Introduction
MetaGPT assigns distinct roles to LLM agents — product manager, architect, project manager, and engineer — and coordinates them through standardized operating procedures. Given a one-line requirement, the agents collaborate to produce PRDs, system designs, and working code.
What MetaGPT Does
- Decomposes a natural-language requirement into structured outputs across multiple agent roles
- Generates product requirement documents, system design diagrams, and task breakdowns
- Produces runnable code with tests by following a simulated software development workflow
- Supports human-in-the-loop review at each stage of the pipeline
- Provides a plugin system for custom tools and actions per agent role
Architecture Overview
MetaGPT implements a message-passing architecture where each agent subscribes to specific message types. A shared environment holds project state, and a standardized operating procedure (SOP) defines the order in which roles act.
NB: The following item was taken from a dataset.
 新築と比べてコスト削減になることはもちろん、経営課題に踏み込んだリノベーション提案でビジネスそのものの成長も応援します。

Agents use structured output schemas to pass artifacts like PRDs and API specs, reducing hallucination through format constraints.
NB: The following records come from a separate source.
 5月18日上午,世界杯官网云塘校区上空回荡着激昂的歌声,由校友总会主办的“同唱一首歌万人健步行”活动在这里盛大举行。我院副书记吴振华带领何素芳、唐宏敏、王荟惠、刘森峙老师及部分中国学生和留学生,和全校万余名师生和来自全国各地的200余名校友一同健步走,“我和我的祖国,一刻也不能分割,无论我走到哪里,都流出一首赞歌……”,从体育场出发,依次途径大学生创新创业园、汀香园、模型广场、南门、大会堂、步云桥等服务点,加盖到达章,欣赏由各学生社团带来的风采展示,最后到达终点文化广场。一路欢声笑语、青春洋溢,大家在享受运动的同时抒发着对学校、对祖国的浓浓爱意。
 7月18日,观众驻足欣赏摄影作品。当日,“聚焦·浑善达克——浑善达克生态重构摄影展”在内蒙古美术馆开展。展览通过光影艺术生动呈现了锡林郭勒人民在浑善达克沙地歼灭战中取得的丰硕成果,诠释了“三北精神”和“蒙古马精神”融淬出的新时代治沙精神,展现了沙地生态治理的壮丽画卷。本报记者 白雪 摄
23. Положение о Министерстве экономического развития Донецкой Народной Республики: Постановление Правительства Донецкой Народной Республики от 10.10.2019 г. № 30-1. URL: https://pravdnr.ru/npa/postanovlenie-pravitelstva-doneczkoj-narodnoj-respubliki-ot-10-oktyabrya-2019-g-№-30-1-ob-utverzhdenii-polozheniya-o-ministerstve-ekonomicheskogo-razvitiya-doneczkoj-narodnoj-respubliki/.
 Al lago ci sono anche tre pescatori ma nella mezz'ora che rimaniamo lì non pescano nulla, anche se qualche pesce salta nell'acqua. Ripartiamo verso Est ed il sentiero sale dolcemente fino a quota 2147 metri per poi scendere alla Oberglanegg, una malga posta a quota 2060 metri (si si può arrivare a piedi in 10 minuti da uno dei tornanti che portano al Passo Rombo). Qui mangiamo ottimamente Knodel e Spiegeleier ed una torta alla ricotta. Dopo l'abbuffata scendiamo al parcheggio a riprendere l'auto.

Self-Hosting & Configuration
- Install via pip or clone the repository for development setup
- Configure LLM providers in config2.yaml with API keys for OpenAI, Claude, or local models
- Set workspace directory and output preferences through environment variables
- Run as a CLI tool or import as a Python library for integration into larger pipelines
- Extend with custom roles by subclassing the Role base class and defining actions
Key Features
- Role-based agent collaboration following real software engineering workflows
- Structured intermediate artifacts reduce cascading errors between agents
- Multi-model support including OpenAI, Anthropic, and open-source LLMs
- Incremental development mode that builds on existing codebases
- Data interpreter agent for data analysis and visualization tasks
Comparison with Similar Tools
- CrewAI — simpler role definition with less structured inter-agent communication; MetaGPT enforces SOPs
- AutoGen — focuses on conversational agent patterns; MetaGPT models a full development pipeline
- ChatDev — similar software company simulation; MetaGPT adds structured document artifacts
- LangGraph — graph-based agent orchestration; MetaGPT provides pre-built software development roles
- OpenAI Swarm — lightweight agent handoffs; MetaGPT offers deeper role specialization
FAQ
Q: What LLM providers does MetaGPT support? A: OpenAI, Azure OpenAI, Anthropic Claude, Google Gemini, and any OpenAI-compatible local model server.
Q: Can MetaGPT work on existing codebases? A: Yes. The incremental development mode lets agents analyze and extend existing projects.
Q: How is MetaGPT different from a single-agent coding tool? A: It separates concerns across specialized roles, producing intermediate design documents that guide implementation and reduce errors.
Q: Does it require GPT-4? A: GPT-4 or Claude produce the best results, but it works with GPT-3.5 and open-source models at reduced quality.